Justiça afasta necessidade de valor de imóvel ser devolvido ao comprador
O Tribunal de Justiça do Distrito Federal (TJDF) contrariou a jurisprudência dominante e afastou a necessidade de uma incorporadora devolver valores ao comprador de um imóvel, que estava inadimplente e já detinha a escritura do bem. Frequentemente as construtoras, incorporadoras e imobiliárias, são obrigadas a devolver valores por conta da inadimplência dos compradores.
No caso em análise, o comprador adquiriu um terreno por R$ 84.565,27, pagando R$ 37.469,09 de entrada, corretagem, registro de escritura e cinco parcelas de financiamento. Contudo, ele não pagou todas as prestações, de modo que o imóvel, pelo contrato de alienação fiduciária celebrado, acabou voltando às mãos da incorporadora.
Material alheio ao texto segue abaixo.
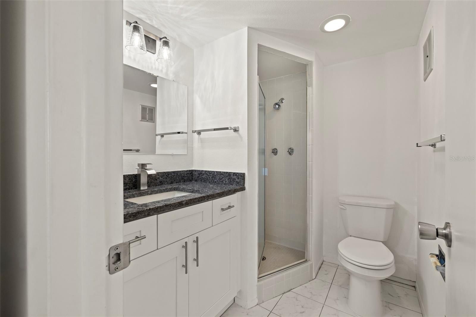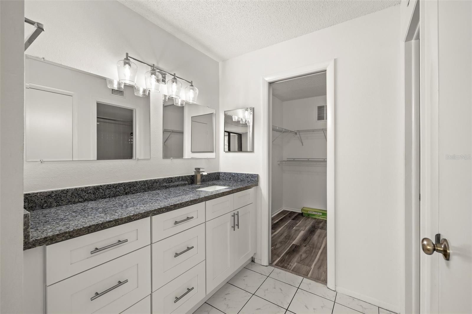 - Ceiling Fan(s), Living/Dining Room, Main Level Primary, Split Bedrooms, Stone Counters, Walk-In Closet(s), Window Treatments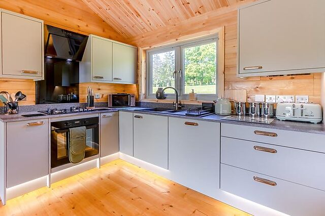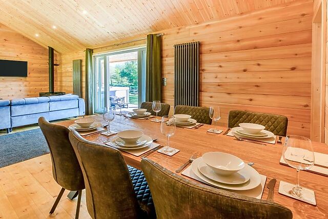 Accommodating six guests over three bedrooms, this lovely wooden property suits families and small groups perfectly. On arrival, step through the French doors and into the lodge's bright and airy open-plan living area, where the lounge, dining space and kitchen all flow together.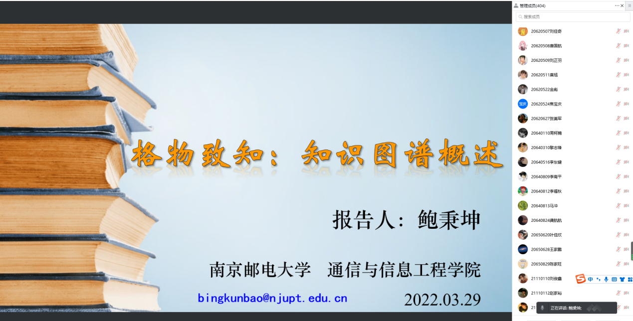 2022年3月29日,应通信工程学院邀请,伟德源自英国始于1946鲍秉坤教授为伟德官网师生做了题为《知识图谱概述》的学术报告。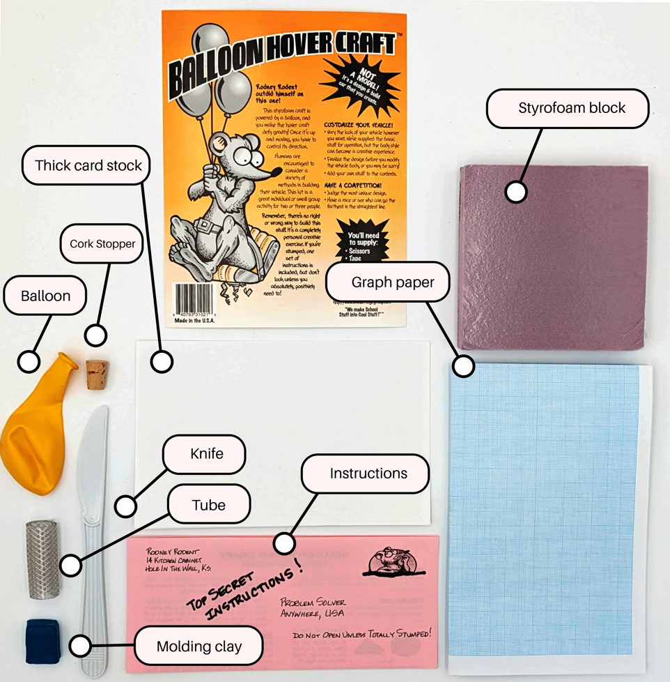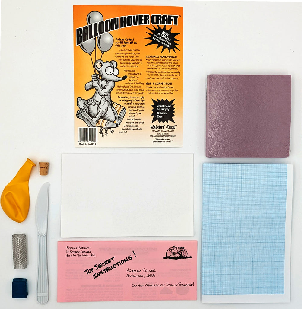This is a fun and challenging kit. Make the balloon power the Styrofoam square on a cushion of air! It's tricky, but you can do it. Requires placing the hovercraft on a flat, smooth surface to work correctly. Includes Styrofoam blank, balloon, fins and other hardware (Ages 10 & up). This is a fun and challenging kit. Make the balloon power the Styrofoam square on a cushion of air. Requires placing the hovercraft on a flat, smooth surface to work correctly.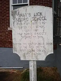 After the American Civil War, the Freeman's Bureau was tasked with educating the newly freed black children. The Freeman's Bureau opened a school for black children in the May's Lick community ca. 1868. The location was behind the Second Baptist Church, near US 68 and Nicholas Street. A new schoolhouse was dedicated July 17, 1921. This school was constructed with help of the Rosenwald Fund. The school remained in operation until the early 1960s.[2]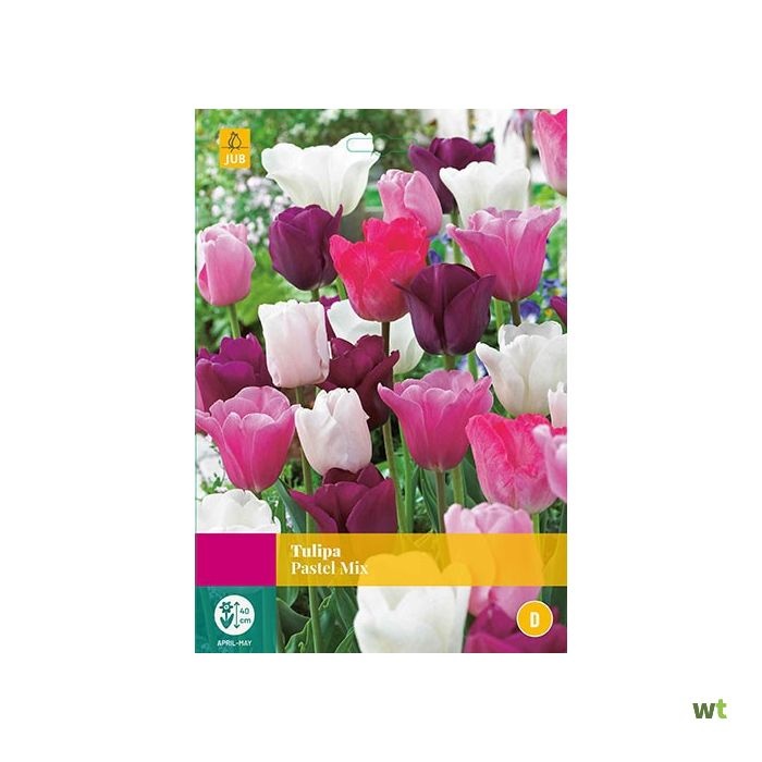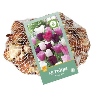 A mix of Triumph Tulips in pastel colours. Suitable for the border but also in a pot on terrace or balcony. Combines well with Muscari armeniacum or blue Hyacinths.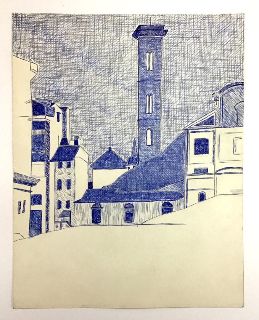 Eglise Ognissanti Artiste CORNUZ-MOLLES Christiane Numéro d'inventaire FAA-CC-3910 Titre inconnu Dénomination Eglise Ognissanti Période Années 1950 Technique / Support Stylo, Papier Catégories Paysage urbain Remarques - l’oeuvre se trouvait dans un cartable avec une mention, voir n° d’inventaire 3914. Agrandir l'image Découvrez l'artiste CORNUZ-MOLLES Christiane (CH) 19 janvier 1939 / 11 juillet 2005 Fonds géré par la FAA Consulter sa fiche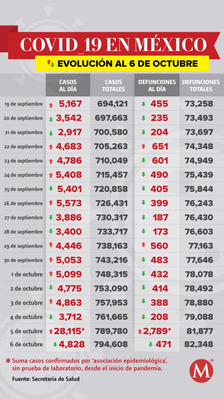 La Secretaría de Salud informó que hoy México alcanzó 82 mil 348 muertes por coronavirus SARS-CoV-2 y acumula 794 mil 608 casos confirmados, de los cuales 933 mil 316 son negativos; además se tienen 293 mil 331 casos sospechosos.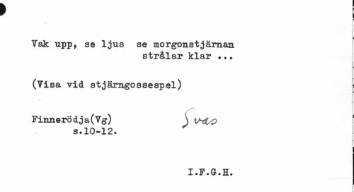 //// 9 //// i //// Tak upp, se ljus se morgonstjärnan //// strålar klar •. ? //// (Visa vid stjärngossespel) //// Finnerödj a(Tg) ^ ! //// s.10-12. //// X *F. G. H. ////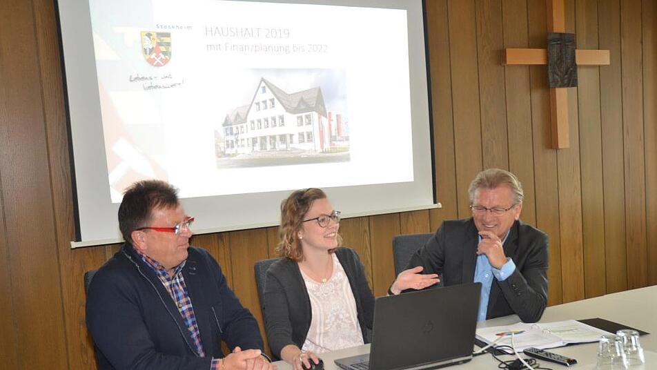 Die Gemeinde Stockheim freut sich über weiteren Schuldenabbau, wie dies von Kämmerin Eva Schießwohl in der Ratssitzung am Montag für den Haushalt 2019 vorgestellt wurde. Der Haushalt für 2019 überschreitet zum vierten Mal in Folge die Zehn-Millionen-Euro-Grenze. Mit einem Gesamtvolumen von 12,3 Millionen Euro weist er eine Steigerung gegenüber 2018 von 1,6 Millionen Euro (15,2 Prozent) aus.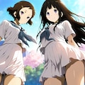 jacket partially removed, heart in eye, burnt clothes, holding fishing rod, kanji, doujin cover, pentagram, tape gag, adjusting headwear, red socks, friends, cloud print, coke-bottle glasses, oral invitation, competition school swimsuit, barbell piercing, gradient legwear, prisoner, blood on breasts, wind chime, carrying over shoulder, tape measure, flaming weapon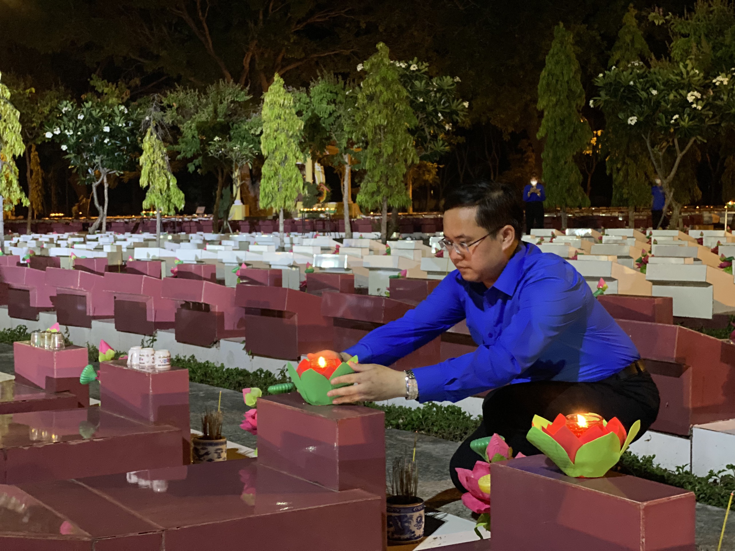 Đồng chí Nguyễn Quốc Huy – UVBCH Trung ương Đoàn, Bí thư Tỉnh Đoàn thắp nến trên các phần mộ liệt sỹ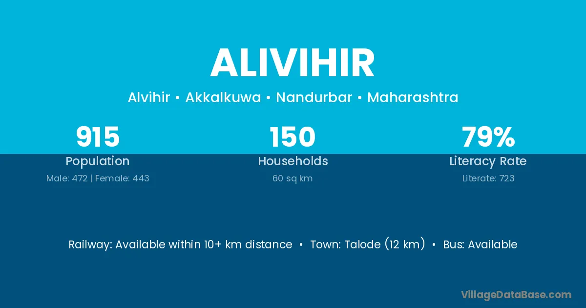 Talode (12 km) is the nearest town to Alivihir village for major economic activities and is located approximately 12 km away.

O consumidor foi, então, à Justiça para reaver os valores pagos mesmo o contrato não prevendo reembolso. Na primeira instância, o juiz da Comarca de Cidade Ocidental (GO) entendeu pela nulidade da cláusula que estabelece perda das prestações pagas, de acordo com o artigo 53 do Código de Defesa do Consumidor (CDC). “Nos contratos de compra e venda de móveis ou imóveis mediante pagamento em prestações, bem como nas alienações fiduciárias em garantia, consideram-se nulas de pleno direito as cláusulas que estabeleçam a perda total das prestações pagas […]”, aponta o texto da legislação. Assim, a incorporadora foi condenada a devolver ao consumidor o montante de R$ 30.521,79, descontados os 10% de cláusula penal.
A companhia entrou com recurso no TJDF, onde o desembargador Fábio Eduardo Marques colocou a Lei 9.514/97 (que dispõe sobre o Sistema de Financiamento Imobiliário e institui a alienação fiduciária de coisa imóvel) acima do Código do Consumidor e reverteu a decisão da primeira instância. Para o magistrado, o código só se aplica em contratos imobiliários quando há promessa de compra, porém nesse processo o imóvel já estava até escriturado, de forma que a lei que trata de alienação fiduciária seria mais adequada para regular o acordo em questão.